Personal information
- Born: 5 October 1998 (age 27)

Sport
- Country: Norway
- Sport: Speed skating
- Club: Aktiv SK

Medal record
Men's speed skating
Representing Norway
World Single Distance Championships
| Bronze medal – third place | 2023 Heerenveen | Team pursuit |
European Championships
| Silver medal – second place | 2022 Heerenveen | Team pursuit |
| Bronze medal – third place | 2022 Heerenveen | 1500 m |
| Bronze medal – third place | 2024 Heerenveen | Mass start |

= Allan Dahl Johansson =

Norwegian speed skater (born 1998)

Allan Dahl Johansson (born 5 October 1998) is a Norwegian speed-skater who competes internationally.

==Biography==
Johansson competed for Norway in men's 1500m speedskating event at the 2018 Winter Olympics in PyeongChang, South Korea and placed 35th.

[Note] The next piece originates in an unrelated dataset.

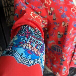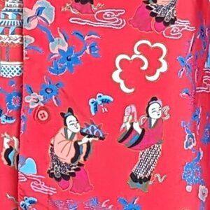 Josie Small pinky red Chinese woman houses printed 3/4 sleeve button up blouse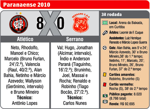 O Atlético goleou o Serrano na noite deste sábado (23), na 3ª rodada do Campeonato Paranaense 2010. O jogo foi na Baixada, em Curitiba. Foram oito gols e nenhum do time de Prudentópolis, que tentou jogar aberto e viu o Rubro-Negro passear em campo. O saldo de gols foi até o momento o maior na edição de 2010 do Estadual, e um dos maiores em jogos na Arena da Baixada. Com o placar, o Furacão soma agora 4 pontos ganhos e pula provisoriamente para a 3ª posição na tabela. O Serrano permanece com apenas 1 ponto e no 13º lugar.

Johansson represents the club Aktiv SK. In December 2017, he set new junior world records in 1,500m and 3,000m.

In March 2018, Johansson won Gold in Junior World Cup in Salt Lake City and set the record in 3,000m.

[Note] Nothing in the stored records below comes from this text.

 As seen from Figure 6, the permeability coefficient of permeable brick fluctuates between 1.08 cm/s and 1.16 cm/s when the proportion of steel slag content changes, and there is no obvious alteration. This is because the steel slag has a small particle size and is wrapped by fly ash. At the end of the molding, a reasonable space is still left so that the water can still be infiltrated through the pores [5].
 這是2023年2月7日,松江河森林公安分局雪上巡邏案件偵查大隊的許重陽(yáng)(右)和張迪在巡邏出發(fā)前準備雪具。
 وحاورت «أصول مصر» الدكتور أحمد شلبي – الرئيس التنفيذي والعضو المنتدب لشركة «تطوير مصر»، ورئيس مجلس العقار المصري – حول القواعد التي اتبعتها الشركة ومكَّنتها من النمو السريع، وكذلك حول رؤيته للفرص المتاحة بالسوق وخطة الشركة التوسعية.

In 2016, he received more than US$12,000 (94,500 NOK) in sponsorships, with the second largest funding source coming from crowdfunding. He wrote in his crowdfunding application:"This winter I will focus even more on the World Cup and Junior World Championships. There are a lot of travel and training expenses, and competition everyday. All contributions will come in handy and go exclusively to be faster on skates. Rounds of the season with a three-week gathering in Calgary to train in similar conditions that await me in the Junior World Championships in 2018 in Salt Lake City which is one of my main goals." Johansson won the World Skating Cup 2 years later.

Johansson is the first Norwegian World Junior Allround Speed Skating Champion since Sverre Lunde Pedersen in 2012.